Quanto denaro ci serve per vivere? Quanto potere, per esorcizzare le nostre paure? Riusciamo a sentire il senso profondo della vita? Costruire un’intima identità è un processo difficilissimo e in controtendenza con la pressione politica e sociale.
«Conferendis pecuniis ergo sollicitae tu causa, pecunia, vitae! Per te immaturum mortis adimus iter; tu vitiis hominum crudelia pabula praebes, semina curarum de capite orta tuo» (Per ammassare ricchezze, sei tu, denaro, la causa di una vita agitata! A causa tua prendiamo prima del tempo la strada della morte; ai vizi degli uomini fornisci dei crudeli pascoli, dalla tua testa germogliano i semi degli affanni). Con questi versi del poeta latino Properzio, si chiude Delenda Carthago di Franco Battiato. Il titolo del brano riprende un’esortazione (divenuta nel tempo proverbiale) del senatore romano Marco Porcio Catone, con cui chiosava i suoi interventi in assemblea per esortare i concittadini affinché ogni minaccia da parte della vicina Cartagine venisse preventivamente soffocata nel sangue; come in effetti avvenne intorno al 146 avanti Cristo, quando la leggenda narra che la città fu rasa al suolo e sulle sue fondamenta venne sparso sale, affinché non attecchisse mai più alcun segno di vita.
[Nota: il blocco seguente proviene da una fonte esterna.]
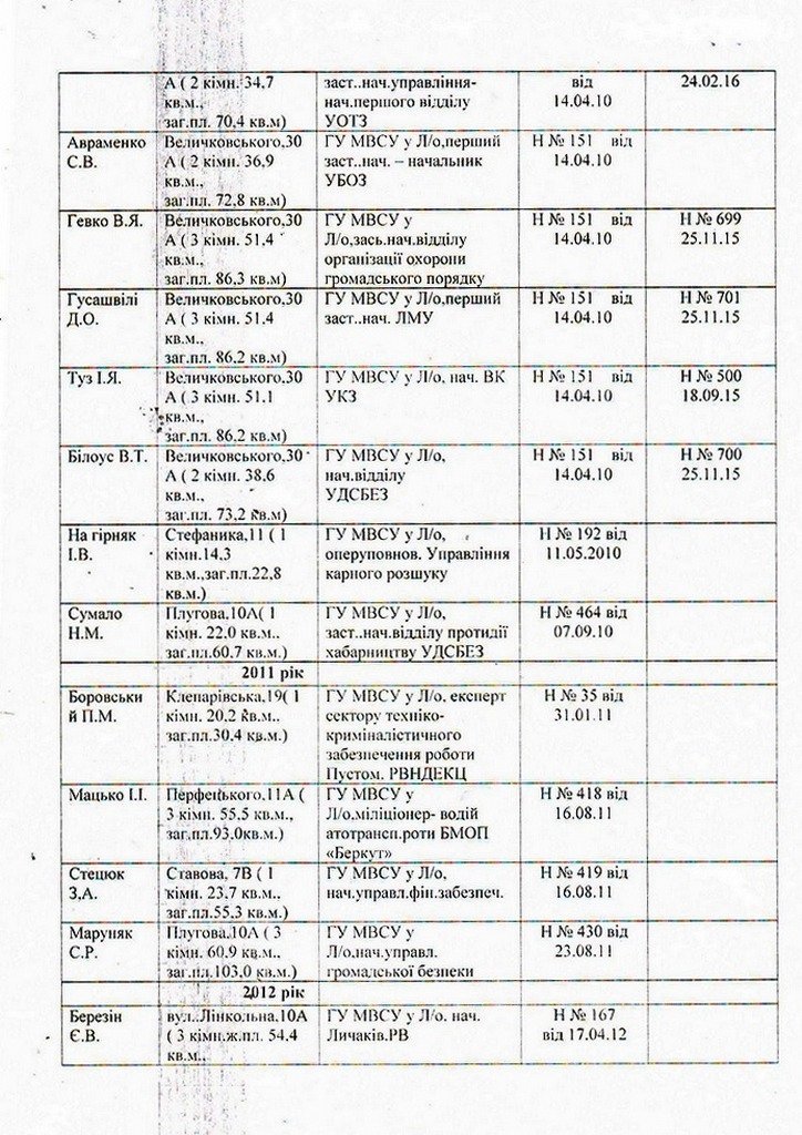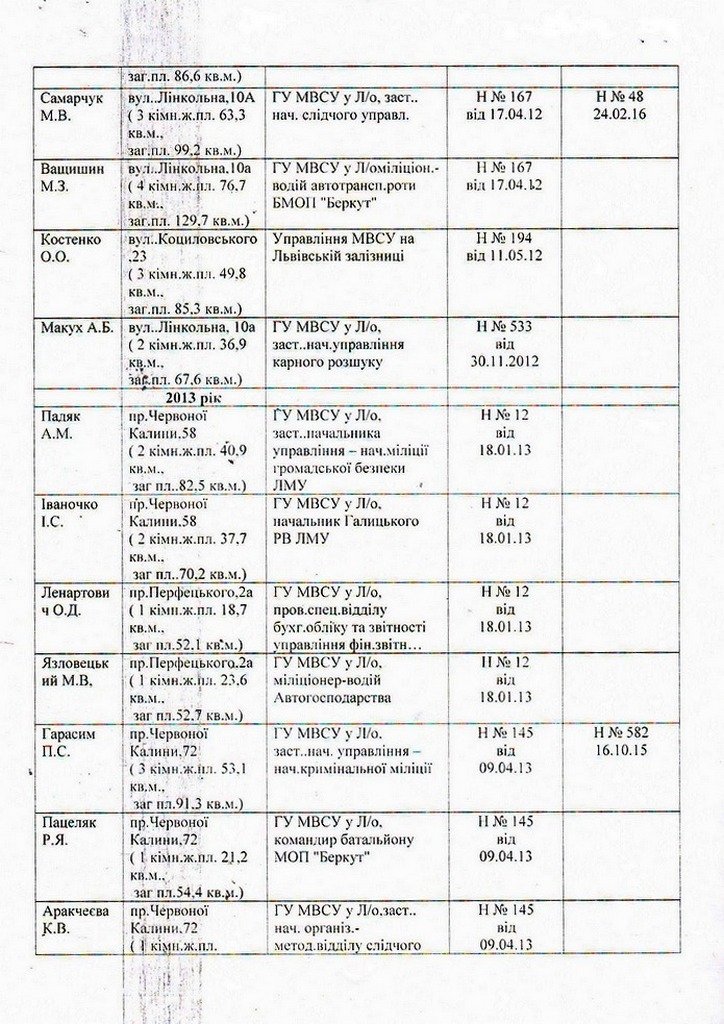 44 працівники Прокуратури Львівської області отримали службове житло – 34 з них в подальшому вилучили його з числа службових, тобто приватизували. (додаток 1)

Battiato narra le gesta di legioni che vanno per terre sconosciute a fondare colonie a immagine di Roma; tra invasori che si cullano nei piaceri, ammassando potere e denaro, e genti che subiscono la loro dominazione trasformandosi in turbe che in circhi e stadi assistono fameliche a riti di sangue. Di fatto si tratta di un testo cadenzato, quasi meditativo, tant’è che dopo il terzo ascolto non si può fare a meno di chiedersi: che volto e sapore ha la Roma che pervade oggi le nostre vite?